The vitamin C, TA, and TSS contents are the key nutritional quality index in guava fruit (Silva et al., 2017). During storage, flesh TSS amount in control guavas reduced quickly (Fig. 4A). Whereas, exogenous melatonin treatment restrained the decrease of TSS content in postharvest guava fruit, particularly the 100 μmol/L melatonin-treated guavas preserved the highest content of TSS during cold storage. Following further analyses indicated that 100 μmol/L melatonin-treated guava fruit had a considerably (P < 0.01) higher content of TSS than control guava at storage day 7–42 (Fig. 4A).

Fig. 4.

Fig. 4

Open in a new tab

Influences of melatonin treatment on the amounts of TSS (A), TA (B), and vitamin C (C) in flesh of guavas during storage at 4 °C. Mean ± standard error (n = 3) was applied to represent each value. Remarkable differences between the 100 μmol/L melatonin-treated guavas and control guavas on the same storage day are indicated by * (P < 0.05) and ** (P < 0.01).

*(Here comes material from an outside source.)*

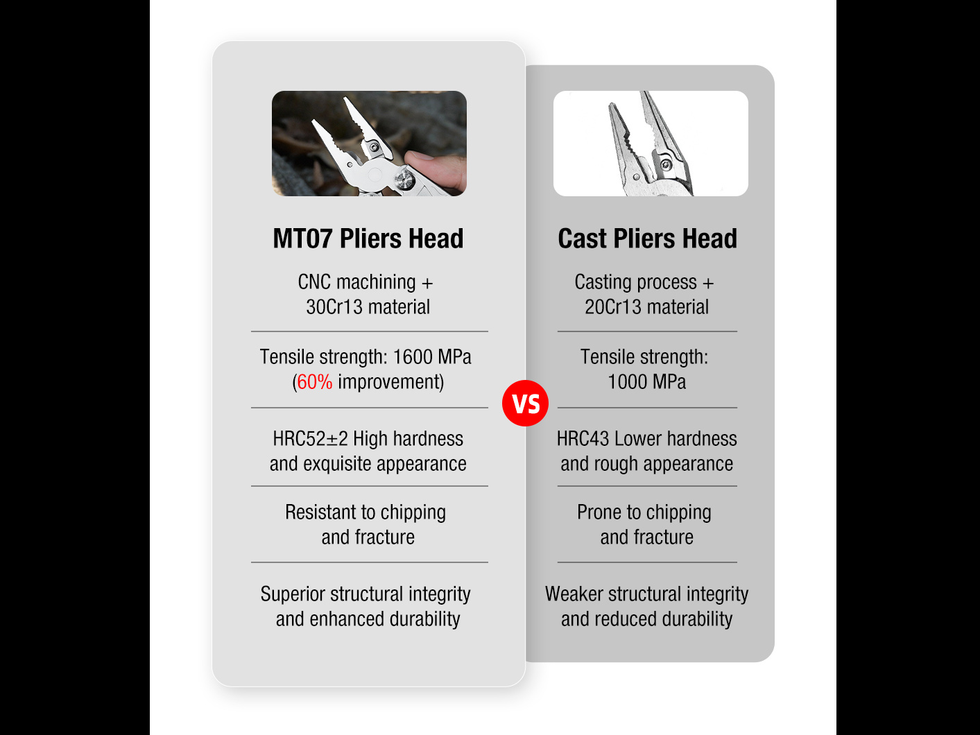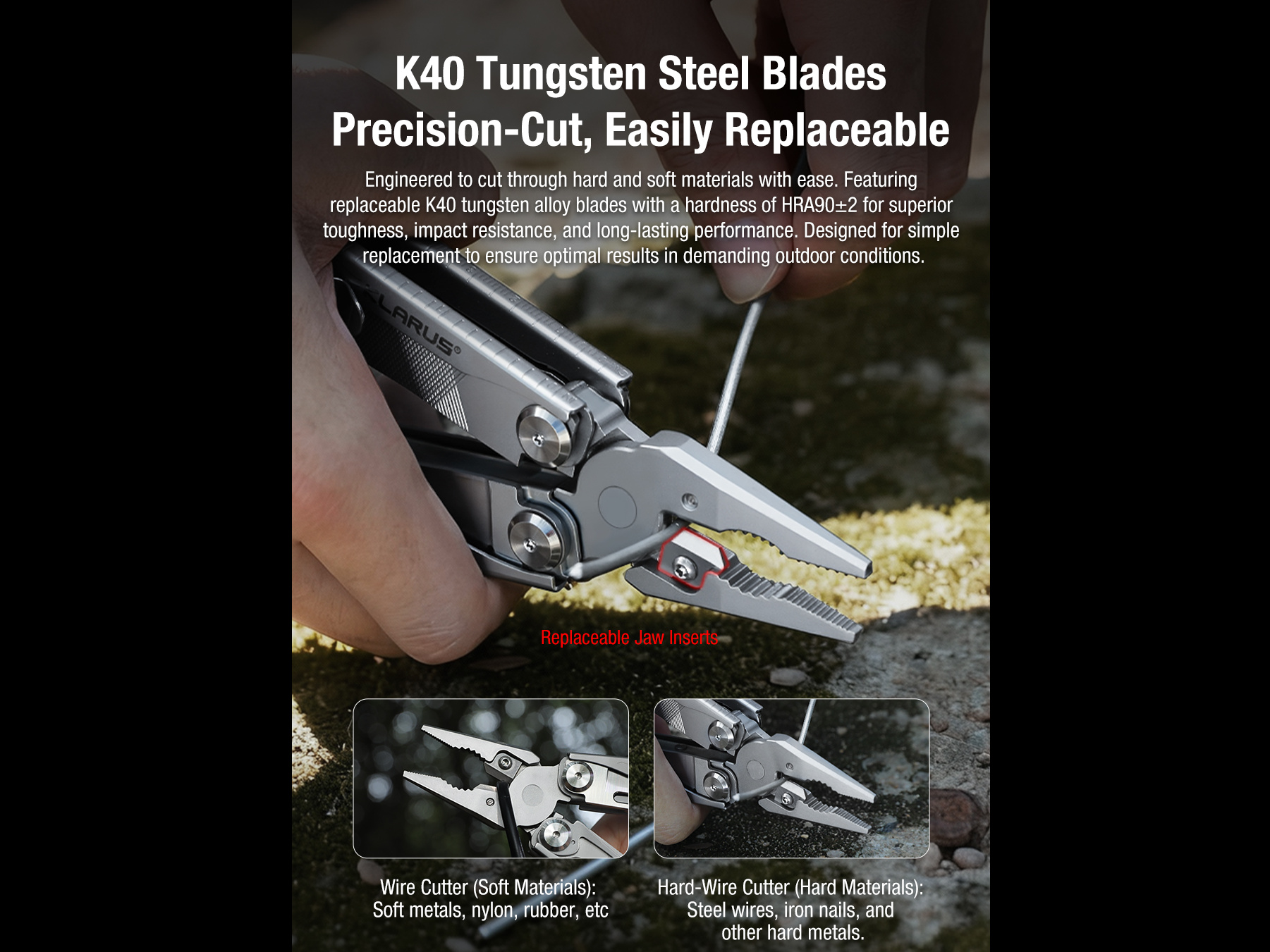 Ich plne CNC obrábané hlavy klieští sú vyrobené z martenzitickej nehrdzavejúcej ocele 30Cr13 tepelne spracovanej na tvrdosť HRC52±2. Tento pokročilý prístup k profesionálnej CNC výrobe poskytuje vynikajúcu povrchovú úpravu, výnimočnú pevnosť a pozoruhodnú odolnosť – odolné voči zlomeniu a opotrebeniu aj pri náročnom používaní. Integrovaný pružinový mechanizmus zaisťuje plynulý automatický návrat pre bezproblémovú opakovanú operáciu. Vymeniteľné volfrámové rezacie čeľuste K40 s tvrdosťou HRA90±2 ľahko prerezávajú tvrdé aj mäkké kovové drôty, elektrické káble, paracord, popruhy a všetky materiály, čím zaisťujú optimálny výkon v najnáročnejších vonkajších a taktických podmienkach.

The TA content in control guavas tended to decrease as the storage time progressed, while TA content of melatonin-treated guavas showed a similar variation tendency (Fig. 4B). Specifically, the highest TA content was detected in 100 μmol/L melatonin-treated guavas during storage. A considerable (P < 0.05) discrepancy in TA amount between the control groups and 100 μmol/L melatonin-treated guavas was displayed at day 7–35, but there were no significant difference on storage day 42 (Fig. 4B).

One of the most important indicators of the nutritional value of fruit is vitamin C, which acts as an excellent antioxidant. As depicted in Fig. 4C, during storage, the vitamin C content in control guavas dropped drastically, and was only 60% on storage day 42 compared to the harvest day. Compared with the control group, a slower decline of vitamin C amount was shown in the melatonin-treated group, revealing that melatonin could inhibit vitamin C degradation in guavas. Particularly, compared to control guavas, the 100 μmol/L melatonin-treated guavas exhibited a considerably (P < 0.05) higher vitamin C amount at day 35–42 (Fig. 4C).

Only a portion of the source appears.